Habremos pensado alguna vez de qué manera habrá cuidado Dios a Karol Wojtyla para encomendarle el destino de su Iglesia.
Cómo habrá enseñado el Padre a este hombre cuál es el camino de la Redención. De qué forma Cristo quiere que entre las palabras gastadas y las garras de la guerra un nuevo Pedro anuncie su Evangelio.
Cuando se analiza esto solo nos decimos -como en confidencia- que Dios ha forjado a golpes de Cruz a un santo para esta tarea.
Su plenitud humana, demostrada en la mina, en la Universidad, en la Guerra y en la Iglesia, siempre amando, es la del hombre que no vacilaría ante el martirio en la proclama de Dios, un hombre que resplandece del Espíritu Santo.
Es innegable que el Papa ha comprendido perfectamente la palabra divina y como profeta conduce a la historia hacia el hogar de los elegidos.
Cada minuto de su vida es una invitación a continuar el camino. No se desmaya porque está profundamente enamorado de Dios.
Lleva ya 5 años gestándose en este milagro.
Con estas líneas queríamos dirigir nuestro foco hacia la huella que en su peregrinaje dejó en España.
El año pasado, noviembre dejó pasar a Juan Pablo II por la Castellana madrileña, por Guadalupe, Toledo, Loyola, Zaragoza, Barcelona, Valencia, Santiago, y muchos rincones más de la Península.
El eco de su vida de santo ha hecho que la Iglesia de España lleve un año encontrándose a sí misma y redescubriendo la ilusión de vivir seguir el Espíritu. Nos dijo a todos que era imperioso construir una civilización para el hombre. Y nos relayó el Evangelio deteniéndose en el modo concreto en que debemos hacerlo: purificando el corazón de arriba a abajo. Comprometiendo el alma y el cuerpo en el seguimiento de la Luz.

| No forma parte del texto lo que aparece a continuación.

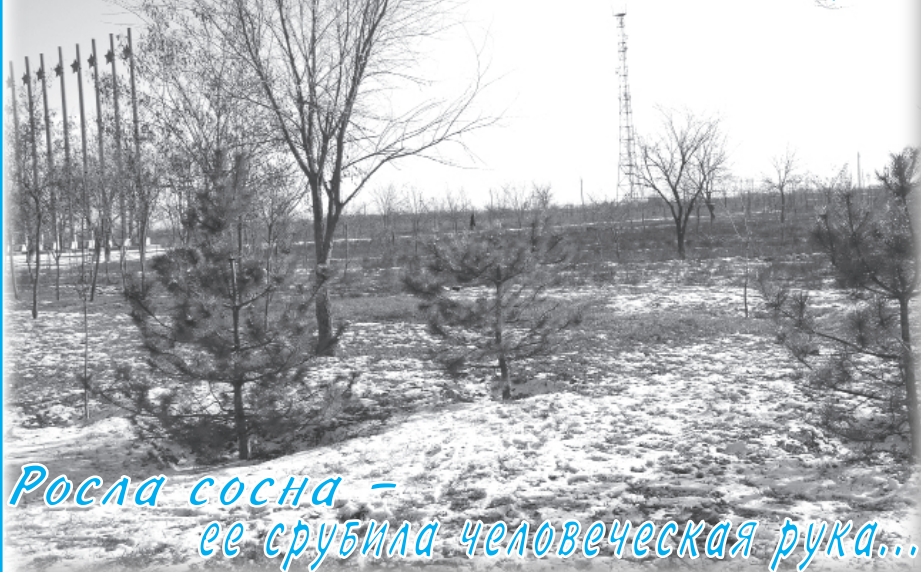
Росла сосна - ее срубил человеческая рука...
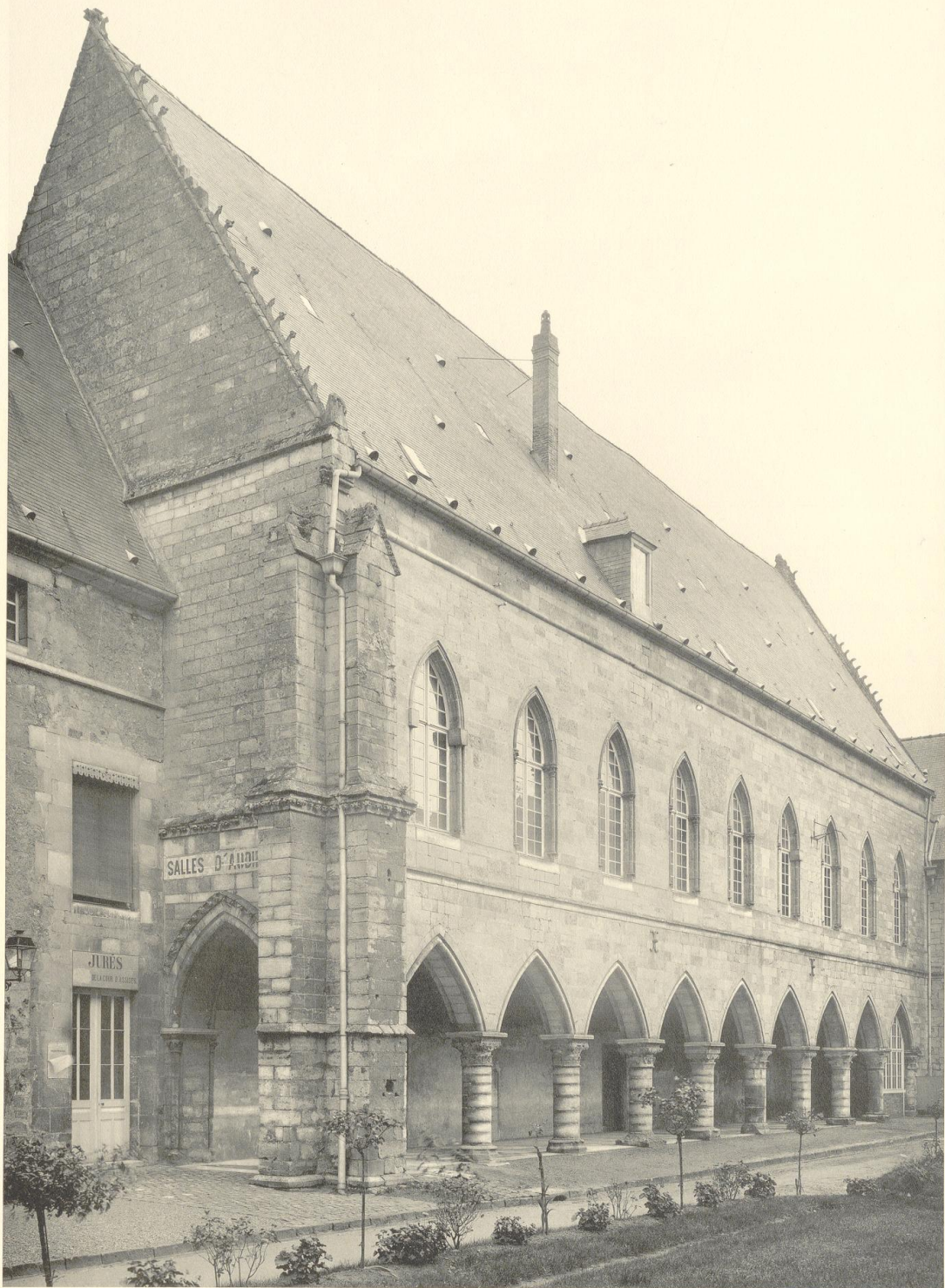
LAON. ANCIEN PALAIS ÉPISCOPAL (AUJOURD'HUI PALAIS DE JUSTICE). Façade sur la cour. XIII e et XIV e siècles.

Reproduction Interdite Copyright by Ch. Eggimann. 1911
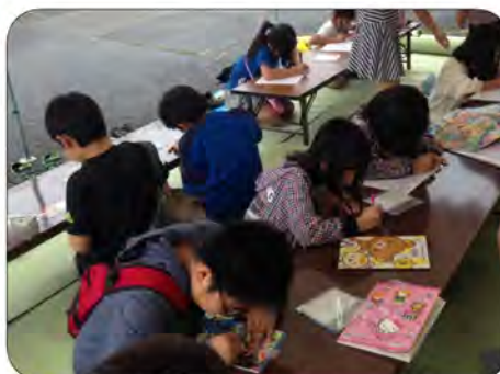
大人気のプラ板ストラップづくり
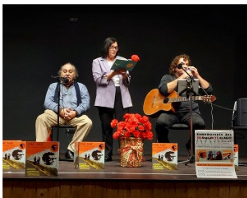
(AILÉ AILÉ... Zeca cantado e contado) (AMA)
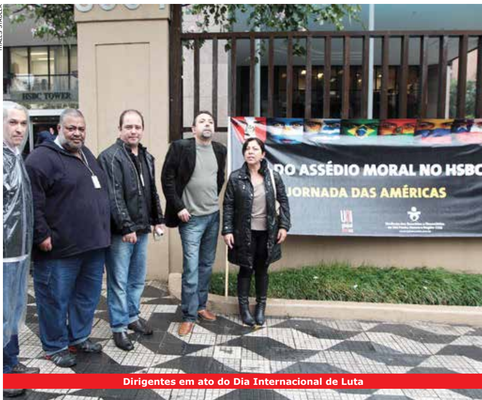
Dirigentes em ato do Dia Internacional de Luta
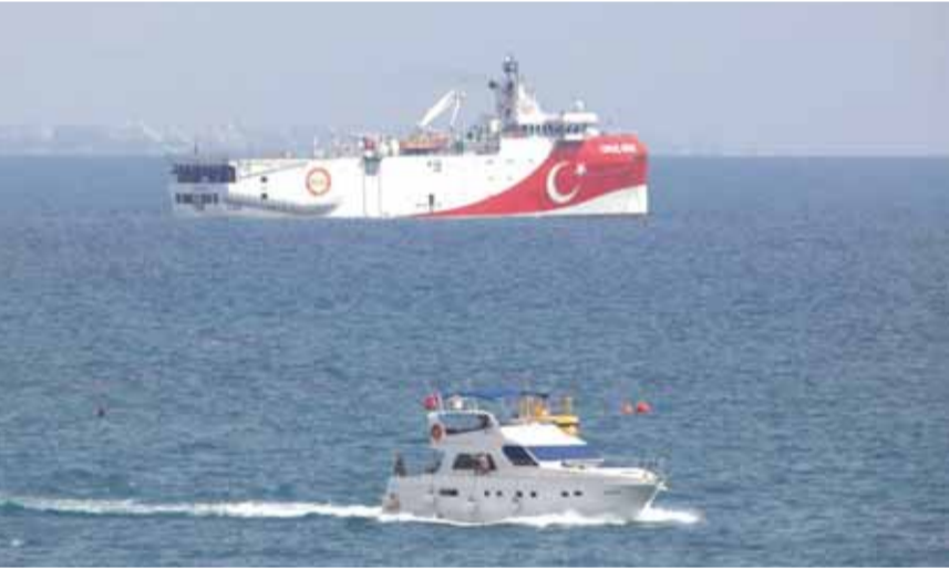
باخرة التنقيب التركية شرقي المتوسط

انضمت ألمانيا إلى أطراف أوروبية أخرى في التنديد بإعلان تركيا استئناف أنشطتها الاستكشافية قرب سواحلها، ليخيم التصعيد مجدداً بعد تهدئة لم تدم طويلاً بين أنقرة وأثينا المنخرطتين في نزاع حول مخزونات موارد الطاقة شرق البحر المتوسط. ففي بيان أصدره أمس الثلاثاء قبيل سفره إلى اليونان وقبرص، طالب وزير الخارجية الألماني هايكو ماس تركيا بالكف عما وصفه بالاستفزاز، وذلك بعد يوم من إعلان أنقرة عودة السفينة «عروج ريس» لأعمالها الاستكشافية للتنقيب عن الغاز. وأعلن ماس تضامن بلاده مع قبرص واليونان كشريكين في الاتحاد الأوروبي، قائلاً ان تركيا ان تظل منفتحة على المحادثات، والاستئناف للتنقيب عن الغاز في المناطق البحرية محل النزاع. وكانت الحكومة الألمانية حذرت مما اعتبرته استفزازاً من جانب أنقرة، ووصفت الخطوة التركية بالامرؤسف للغاية. ودعا المتحدث باسم الحكومة شتيفن زايبيرت جميع أطراف
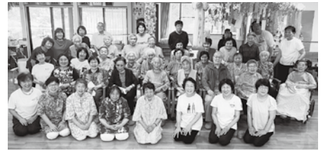
鶴巣桜の家お楽しみ会

Nos confirmó en nuestra esperanza. Nos gritó que el Hijo de Dios no podía tener miedo a nada.
Quiere esta Papa que los hijos de la Iglesia dejen de dar gato por liebre a sus hermanos incrédulos y sean de una vez intachables. Porque así conmoverán a la humanidad y santificarán todo.
Wojtyla abrió el invierno de España hace un año y solo nos queda meditar constantemente sus palabras, que no son originales, que son las de Cristo.